Chapter 15 Analysis of Covariance

A good resource is the beginning of Ch. 22 in Kutner et al.

ANCOVA incorporates a continuous explanatory variable into ANOVA, where we study the effects of treatments on responses. The idea is to reduce variability by controlling for the value of the explanatory variable, similar to the use of blocking variables in RCBD.

A state’s tourism department studies the effects of different commercials on viewer’s desires to travel to their state. The control for $x = $ the pre-study attitude toward the state, as measured on an ordinal scale. See Figure 22.1. in Kutner

The linear model can be written \[Y_i =\beta_0 + \beta_1 x_i + \beta_2 \tau_i + \beta_3 \alpha_i + \epsilon_i\] where $\tau_i$ is 1 if the ith person viewed commercial 1, and $\alpha_i$ is 1 if the ith individual viewed commercial 2. This means we have the following three lines:

\[y_i = \beta_0 + \beta_1 x_i\quad \text{for commercial 3}\] \[y_i = (\beta_0 + \beta_2) + \beta_1 x_i\quad \text{for commercial 2}\] \[y_i = (\beta_0 + \beta_3) + \beta_1 x_i\quad \text{for commercial 1}\] or, in other words, the three treatments correspond to lines with the same slope, but difference intercepts.

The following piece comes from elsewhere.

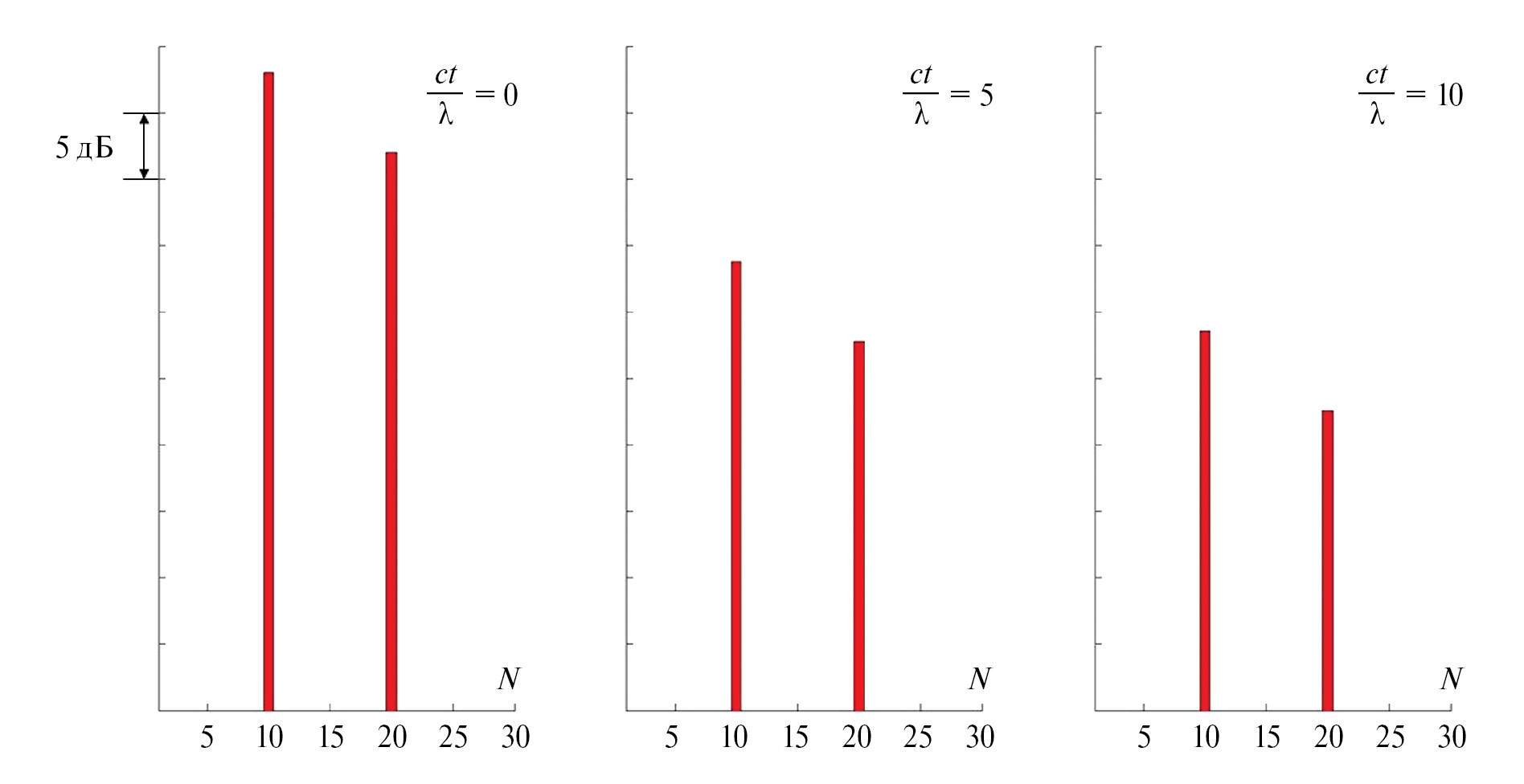 Рис. 5. Эволюция спектра регулярной системы волн ( N – номер гармоники с частотой Nω₀, , T – период вращения вентилятора).

15.1 Choice of “concommitant” variable

It should be correlated (linearly/transformable to linear) with the response.

If it is not correlated with treatment then including it in the analysis will not increase the “explained” variation in response / will not reduce the unexplained variance (SSE).

It should NOT be associated with the treatment.

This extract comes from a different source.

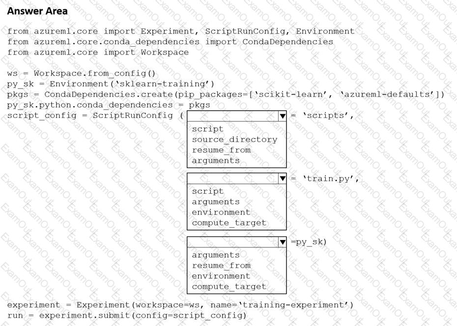 How should you complete the code segment? To answer, select the appropriate options in the answer area.

Good example in Kutner. Suppose two teaching methods are being compared based on a continuous response summarizing learning outcomes. The analysts choose student’s “study time” as a concommitant variable. When they fit the regression/ANCOVA model the teaching method is not significant, but study time is highly significant. The reason is that study time was highly correlated with teaching method. It’s unclear how to interpret the results, and they depend on causality/human behavior. For example, if the different teaching methods caused different study time behaviors, then the investigators could claim one method is better than the other.

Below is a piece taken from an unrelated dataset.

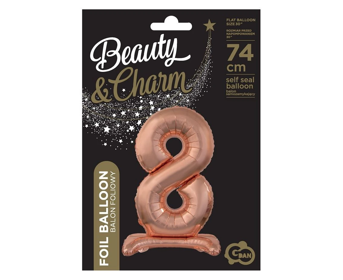 Balón foliový číslice RŮŽOVO ZLATÁ / ROSE GOLD na podstavci, 74 cm - 8

15.2 Interaction and regression slopes

There are instances in which the categorical variables are correlated with the concommitant (continuous) variable. This is more likely for observational data. For example, the categorical variable may be sex M/F and may be associated with an explanatory variable. In that case, we can incorporate interactions bewteen $x$ and sex and these have the effect of changing the slope of the regression line for M versus F. For example,

\[y_i = \beta_0 + \beta_1x_i + \beta_2 \alpha_i + \beta_3 x_i\alpha_i + \epsilon_i\] \[y_i = (\beta_0 + \beta_2) + (\beta_1 + \beta_3)x_i + \epsilon_i \quad\text{for Females, coding }\alpha_i = 1\] \[y_i = \beta_0 + \beta_1x_i + \epsilon_i \quad\text{for Males, coding }\alpha_i = 0\]

15.3 Inference questions

In ANOVA we compare treatment means to see if there are significant differences. In ANCOVA we compare treatment means CONDITIONAL on $x$, as in regression. So, it is important to recognize the inference question is different. If there is no interaction, then the regression lines for different treatment groups are parallel, and it does not depend which $x$ value we are conditioning on. If the $x$ variable is associated with the treatment variable, however, then this idea may not work because different treatments may have different ranges of $x$ values and conditioning on an $x$ value may imply a specific treatment – extrapolation.

15.4 Example

An application of ANCOVA to designed experiments is when one factor of a two-factor study is treated as continuous. For example, response is crop yield and treatments are watering regime and sowing density where sowing density is measured continuously.

xfun::embed_file('ancova.csv')

Download ancova.csv

crops <- read.csv('ancova.csv')
colors <- ifelse(crops$A==0, 'blue','red')
plot(Y~X, col = colors, data = crops, pch = '*')

my.lm <- lm(Y~X+A+X*A, data = crops)
summary(my.lm)

## 
## Call:
## lm(formula = Y ~ X + A + X * A, data = crops)
## 
## Residuals:
##     Min      1Q  Median      3Q     Max 
## -6.2559 -1.5639  0.5743  1.7468  5.8096 
## 
## Coefficients:
##             Estimate Std. Error t value Pr(>|t|)    
## (Intercept)  75.0250     2.9970  25.033  < 2e-16 ***
## X            -3.7038     0.2610 -14.191 6.66e-12 ***
## A           -35.3886     4.0960  -8.640 3.48e-08 ***
## X:A           3.2047     0.3557   9.009 1.78e-08 ***
## ---
## Signif. codes:  0 '***' 0.001 '**' 0.01 '*' 0.05 '.' 0.1 ' ' 1
## 
## Residual standard error: 3.354 on 20 degrees of freedom
## Multiple R-squared:  0.9114, Adjusted R-squared:  0.8981 
## F-statistic:  68.6 on 3 and 20 DF,  p-value: 1.054e-10

plot(Y~X, col = colors, data = crops, pch = '*')
abline( 75.0250-35.3886, -3.7038+ 3.2047, col = 'red')
abline( 75.0250, -3.7038, col = 'blue')

Interpretations: The t-tests reveal that there is a difference in the conditional mean response in each treatment group conditional on $x$. But, the significant interaction means that this difference is different depending on the $x$ value we condition on (lines are not parallel).

Follow up by doing inferences on differences in conditional mean responses between treatments at specific $x$ values.

X <- model.matrix(Y~X+A+X*A, data = crops)
XX.inv <- solve(t(X)%*%X)
beta.hat <- my.lm$coefficients
x1 <- matrix(c(1,11,0,0),4,1)
x2 <- matrix(c(1,11,1,11),4,1)
t.stat <- (t(x1)%*%beta.hat - t(x2)%*%beta.hat)/sqrt((3.354^2)*((t(x1)%*%XX.inv%*%x1)+(t(x2)%*%XX.inv%*%x2) - 2*(t(x1)%*%XX.inv%*%x2))) 
t.stat

##            [,1]
## [1,] 0.09968058

2*(1-pt(abs(t.stat), 20))

##           [,1]
## [1,] 0.9215903